Increases in pixel count are often dismissed because to ‘double’ the resolution of a 6 megapixel sensor you would need 24 megapixels. Indeed, to double it linearly you would – but the human eye judges density of detail on an area basis.
It is easy to demonstrate, and I did so a long time ago when people said the 10 megapixels of the A100 was not worth the step up from the 6 megapixels of the Dynax 7D/5D. Here is the diagram I used to show the actual difference:
To the left, you have the density of a 10.2 megapixel sensor, compared to the density of a 6.1 megapixel sensor on the right. In area terms, it’s a 67% increase in the density of textural detail – in the amount of information available for the brain to interpret the image.
The step from 10.2 to 14.2 megapixels is less dramatic – just a 40% increase – but nevertheless significant. The brain can not interpret a flat 2D image as having depth, so we read the same clues that the brain uses in real life alongside stereo vision to judge shape, depth, and movement. The most important monocular clue we process is familiar textural detail, and the way it reduces in scale with distance.

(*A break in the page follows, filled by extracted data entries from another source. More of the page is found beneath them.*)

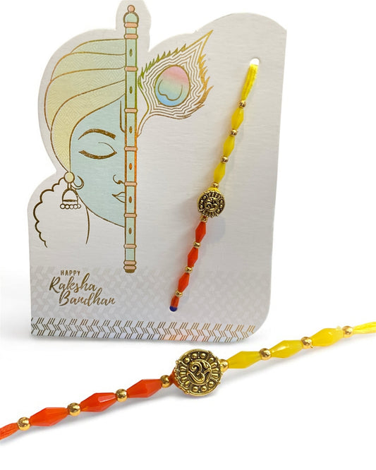 OM Charm Rakhi 2025 – Red/Gold & Orange/Yellow Two-Tone – Style Code 1510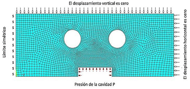 En esta ilustración, P representa la presión de inyección, que se supone es de 80 MPa. En el límite izquierdo del modelo, la condición de simetría es implementada, en el límite derecho, el desplazamiento en la dirección normal es cero. Dado que los insertos de molde son soportados por la placa de retención para la fijación, el desplazamiento en el borde superior del modelo es también cero en la dirección vertical.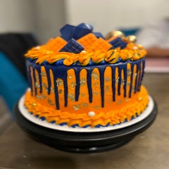 *Decorated with our own banana flavored buttercream in orange and white, chocolate and gold wafers/hearts, gold and white edible pearls, and peach drip around the edges on the back of the cake.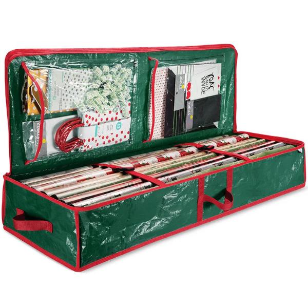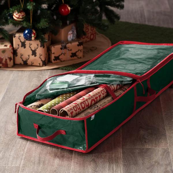 С достатъчно пространство тази чанта съхранява цялата ви празнична опаковъчна хартия, като държи всичко на едно място за лесен достъп по време на натоварените празнични дни.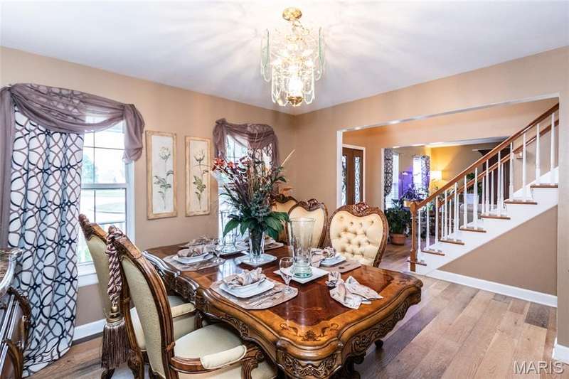 Welcome to this beautiful 4-bedroom, 2.5-bath home tucked at the end of a quiet cul-de-sac in Florissant! Step inside to an inviting open foyer with wood floors. To your left, a cozy family room, and to your right, a formal dining room perfect for entertaining. The spacious living room features a warm fireplace framed by custom built-in bookshelves, an ideal spot to unwind on a crisp fall evening.The kitchen offers gas appliances, a charming breakfast nook, and a window over the sink with views of the large, flat backyard. Convenient main-floor laundry and a guest half bath add everyday ease.Upstairs, retreat to the expansive primary suite with two walk-in closets, room for a king-size bed, and a spa-like bath complete with soaking tub and separate shower. Three additional bedrooms and a full hall bath provide plenty of space for family or guests.The unfinished basement is ready for your personal touchwhether storage or future living space. A two-car garage and additional street parking complete the package. Dont miss the opportunity to make this home your own!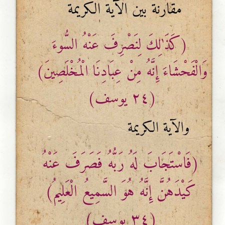 مقارنةٌ بين الآيتين الكريمتين 24 و34 من سورة يوسف عليه السلام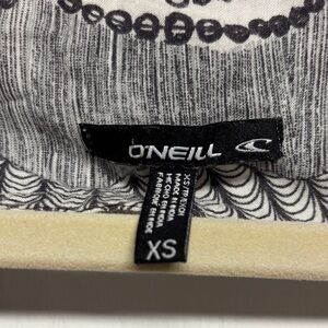 Chic O'Neill top with black and cream patterns. Ideal for casual outings. Button closure in back. Cute little cut out design. Longer in back.

This isn’t new science; it was one of the discoveries of the Renaissance along with other tricks such as aerial perspective (lightening and desaturating of the colours into the distance). It helped great painters to make their flat canvas look three-dimensional.
One of the complaints about early digital photography, and about cameras which processed digital noise too heavily, was that fine textures were lost or quantised (a pixel-frequency based pattern replaced the textures) giving images a ‘plastic’ look and lack of 3D feel.
Just as rollfilm gives more information of this kind than 35mm film, so higher resolution sensors give more information than lower resolution ones. A 14.2 megapixel sensor as found on the Alpha 350 will produce a print with much greater textural information than a 6 or 8 megapixel camera. Depending on the level of smoothing noise reduction, strength of the anti-aliasing filter and other factors (notably lens quality and focus) it may give a better result than a 12 or 10 megapixel camera. It’s very hard to beat a Sony Alpha 100 fitted with a CZ lens for ISO 100 textural information (microcontrast detail)!
But here is how much more you get from a 2008 14.2 megapixel sensor compared to a 2004 6.1 megapixel sensor:
In real terms, the difference in density is precisely the same as that required to make an A3 print, instead of an A4 print, to a set standard of sharpness and detail. That’s how far we have come between the Konica Minolta 7D and the Sony Alpha 350 – from single page repro to double page spread. Given that double page repro was already possible with care using the 6 megapixel camera (as Photoworld demonstrated) the 14 megapixel camera should be capable of an A2 litho printed poster.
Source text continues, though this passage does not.